I remember the excitement, the joy, the nervousness, the nail biting and the screaming soon to be mothers. Our son was too lazy to position himself for the descent so we opted to have him delivered by Cesarean section. All was well and he was to be delivered early. Since my wife was having surgery she wasn't allowed to eat. That would have been fine since the surgery was scheduled early but the hospital filled rather early with women in labor and the delivery rooms were booked. As a result, since my wife wasn't an emergency, she didn't delivery our son until 4:40 PM that afternoon. The nursing staff took pity on me and allowed me to share their pizza so that I wouldn't be starving but I felt bad for my wife who couldn't eat.
At the time of delivery all went well. I scrubbed down and put on the blue suit over my clothes and the filter over my mouth and nose. Ready with camera in hand to snap those first pictures. I calmly watched as the doctors began the surgery; so calm my wife had to ask if they had begun yet. After a few moments the doctor had our son dangling from his hand, a sight I'll never forget. Joy overwhelmed me as they cut the umbilical cord and whisked my son to the warming table. I quickly followed them to watch over the process of cleaning him up and getting him ready for that first kiss from his mother.
Once the nurses had finished their routine cleaning and checkup they swaddled my son in blankets and then handed him to me. I couldn't have been prouder at that moment than any other time in my life; other than the day of my wedding. I carefully carried my son to where my wife was still being examined by the doctor and laid him on her bossom to kiss and hug. The anesthesiologist, took my camera and took our first family photo. The joy I felt still swells my eyes with tears as I am writing this.
Finally the doctor had my wife in stitches and sewn back together. One set of nurses took our new born son while another set took my wife to recovery for observation as the epidural anesthegia wore off. I followed my wife and we lovingly staired at one another speechless about what we had just experienced. The emotions were just running wild about the delivery of our first born son. Finally we calmed down and I took the list of phone numbers my wife had prepared and started dialing to let our family and friends know that all was well and good.

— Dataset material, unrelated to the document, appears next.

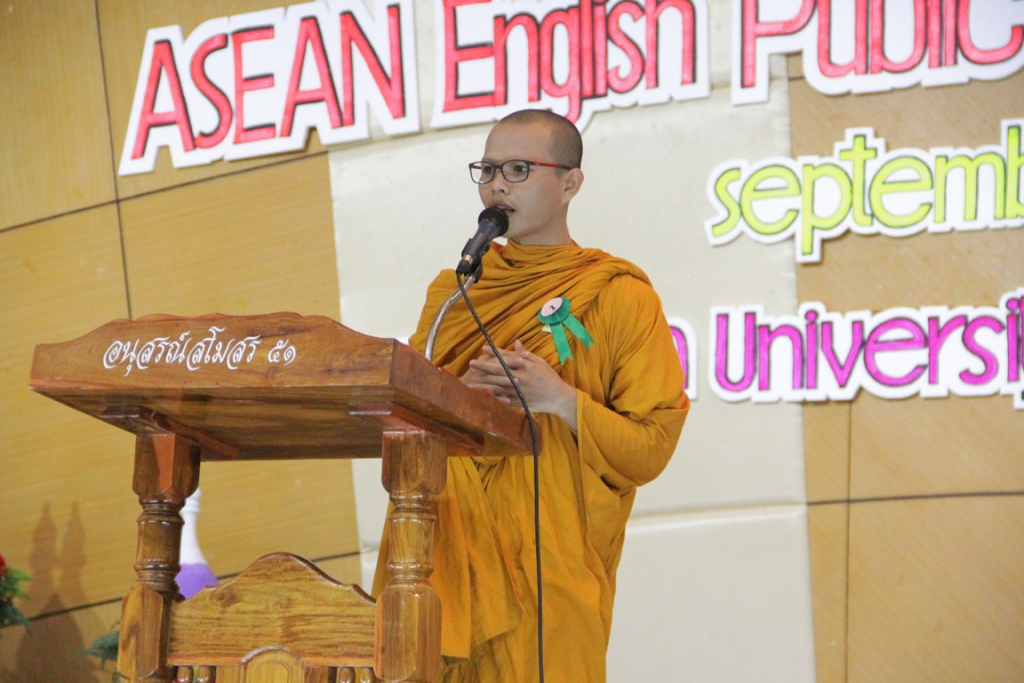 ซึ่งในพิธีเปิดได้รับเกียรติจาก นายอโณทัย ธรรมกุล รองผู้ว่าราชการจังหวัดหนองคาย ให้เกียรติเป็นประธานในพิธีกล่าวเปิดงานและให้โอวาท รศ.ดร.รักชนก แสงภักดีจิตร รักษาราชการแทนคณบดีคณะศิลปศาสตร์กล่าวต้อนรับผู้เข้าร่วมงาน และนายวัฒนา มุลเมืองแสน ผู้แทนจากมหาวิทยาลัยมหาจุฬาลงกรราชวิทยาลัย กล่าวรายงานวัตถุประสงค์การจัดงาน ทั้งนี้ การจัดการแข่งขันกล่าวสุนทรพจน์ภาษาอังกฤษในที่ชุมชนในหัวข้อที่เกี่ยวกับอาเซียน ปี 2558 มีผู้เข้าร่วมแข่งขันในระดับมัธยมศึกษา ในเขตภาคอีสาน จำนวน 14 โรงเรียน จากจังหวัดศรีสะเกษ หนองบัวลำภู ชัยภูมิ เลย หนองคาย ร้อยเอ็ด สุรินทร์ บึงกาฬและอุดรธานี และผู้เข้าร่วมแข่งขัน ในระดับอุดมศึกษา ร่วมแข่งขัน 9 สถาบัน จากจังหวัดขอนแก่น หนองคาย บุรีรัมย์ นครพนมและอุดรธานี โดยผู้ที่ได้รับรางวัล ชนะเลิศการแข่งขันระดับมัธยมศึกษา ได้แก่....นางสาวธัญรัตน์ วงศ์พิทักษ์ จากโรงเรียน.ศรีษะเกษวิทยาลัย รับประกาศนียบัตรและเงินรางวัล 5,000 บาท และระดับ อุดมศึกษา ได้แก่ นายกัณวีธ์ บุญชื่นชม จากคณะแพทยศาสตร์ มหาวิทยาลัยขอนแก่น ได้รับโล่รางวัล ใบประกาศนียบัตรและเงินรางวัล 5,000 บาท

Once my wife was allowed to go back to the room our son was wheeled to us in his bassinet. A nurse came in to show my wife how to allow our son to suckle her breast. Later I was allowed to clean his diaper. Emotions of these first experiences are just immeasurable and really difficult to explain. Wow, I'm really a Dad! Wow, I really have a son! Awe struck by it all. What will the future hold?
I took a week off from work in order to help with our new son. He was such a beauty, joy, wonder and he became our world, our focus, our everything. I had fun feeding, bathing and caring for this little vunerable bundle of joy. But soon the week ended and I had to go back to work. Who could actually do work, my thoughts were with my wife and son. I took comfort in that Mom-In-Law had came to help while my wife recovered from surgery. Good thing, too, my wifes gut burst open, or so it seemed. It was just fluid build up that hadn't drained properly but it was a big mess. I left Mom-In-Law in charge of cleanup and baby and took my wife to the ER. We were both scared not knowing what had happened. But that was just the beginning of things that were to come. Life as we knew it before our first born was never again the same.